Segment Start: Materials provided
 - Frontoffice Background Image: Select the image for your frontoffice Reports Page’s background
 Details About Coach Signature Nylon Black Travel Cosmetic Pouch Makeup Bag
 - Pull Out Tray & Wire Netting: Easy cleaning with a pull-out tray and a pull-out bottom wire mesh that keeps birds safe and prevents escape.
Segment End: Materials provided
Segment Start: Materials provided
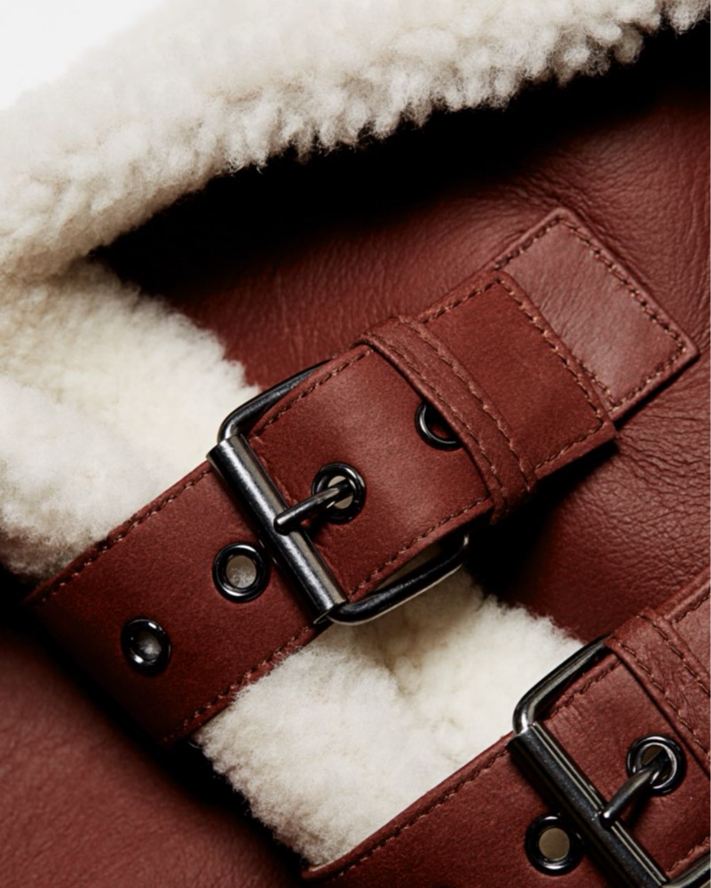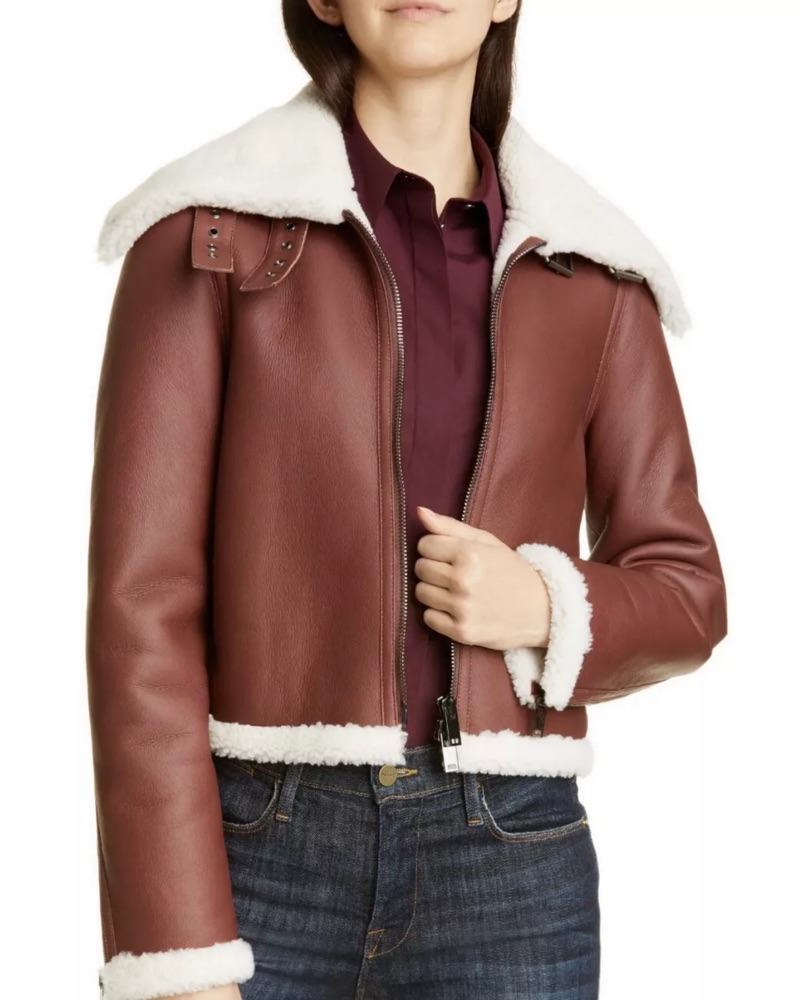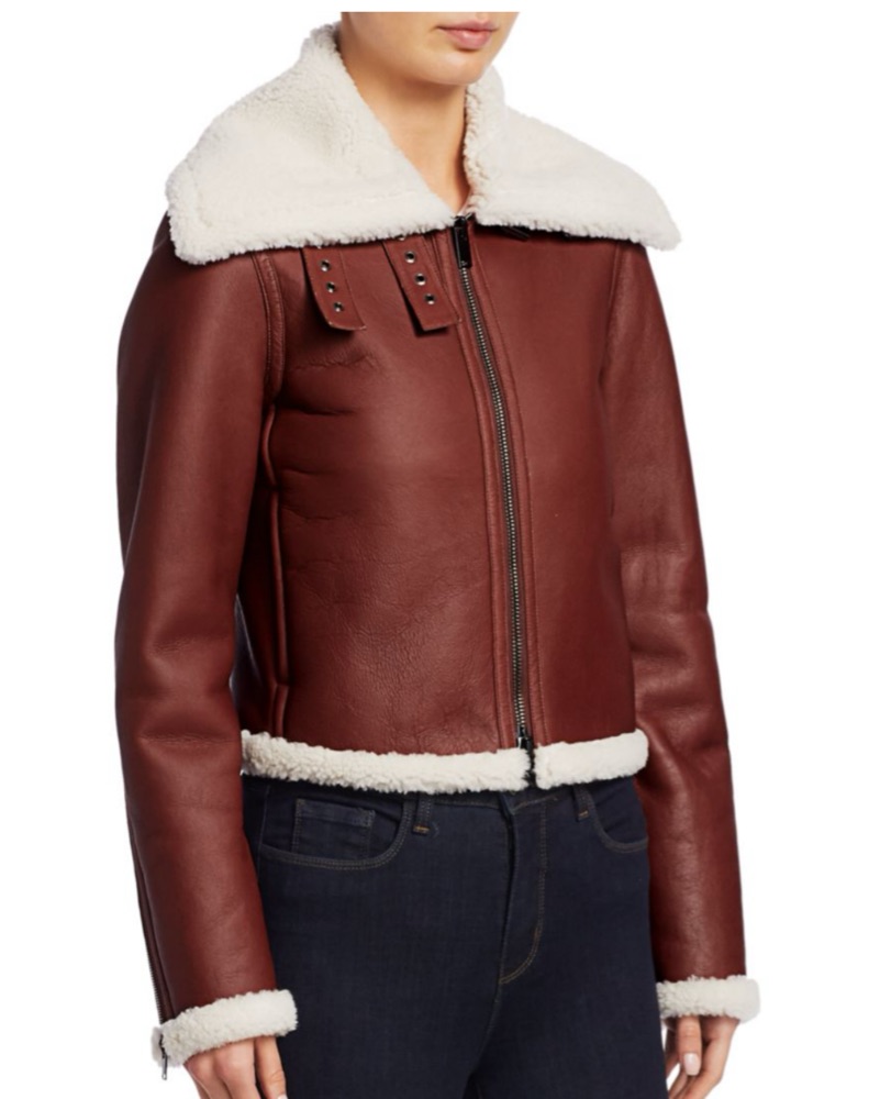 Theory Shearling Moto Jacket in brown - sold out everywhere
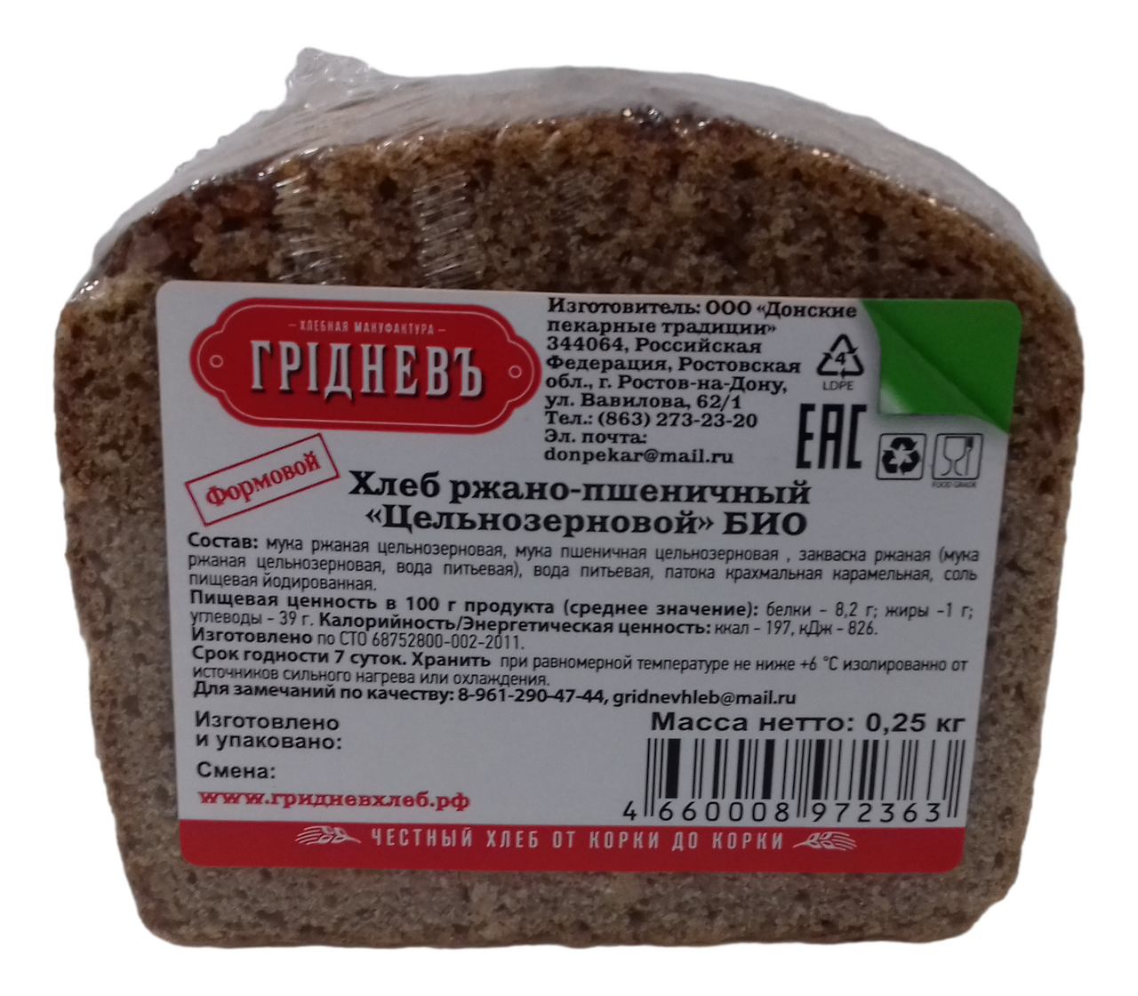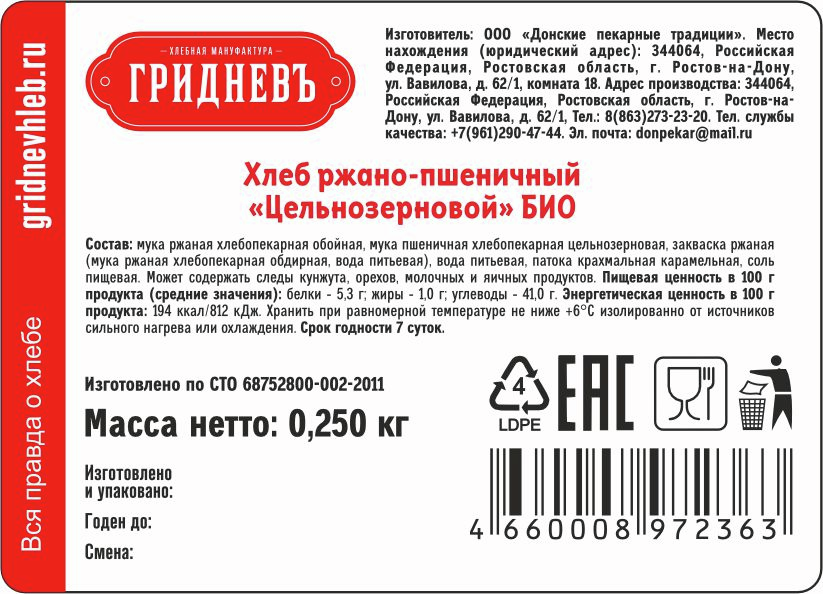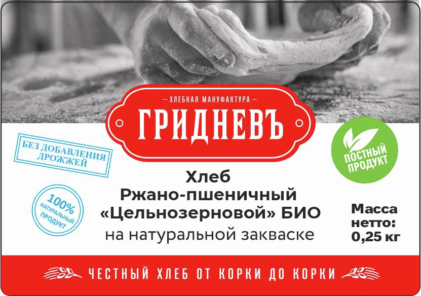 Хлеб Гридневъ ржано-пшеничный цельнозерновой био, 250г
Segment End: Materials provided
_Directions for this task_
As listed above, the lines from the line with "- Frontoffice Background" to the line with "- Pull Out Tray" are to be echoed exactly, with both ends included and nothing added.

_Answer to the problem_
 - Frontoffice Background Image: Select the image for your frontoffice Reports Page’s background
 Details About Coach Signature Nylon Black Travel Cosmetic Pouch Makeup Bag
 - Pull Out Tray & Wire Netting: Easy cleaning with a pull-out tray and a pull-out bottom wire mesh that keeps birds safe and prevents escape.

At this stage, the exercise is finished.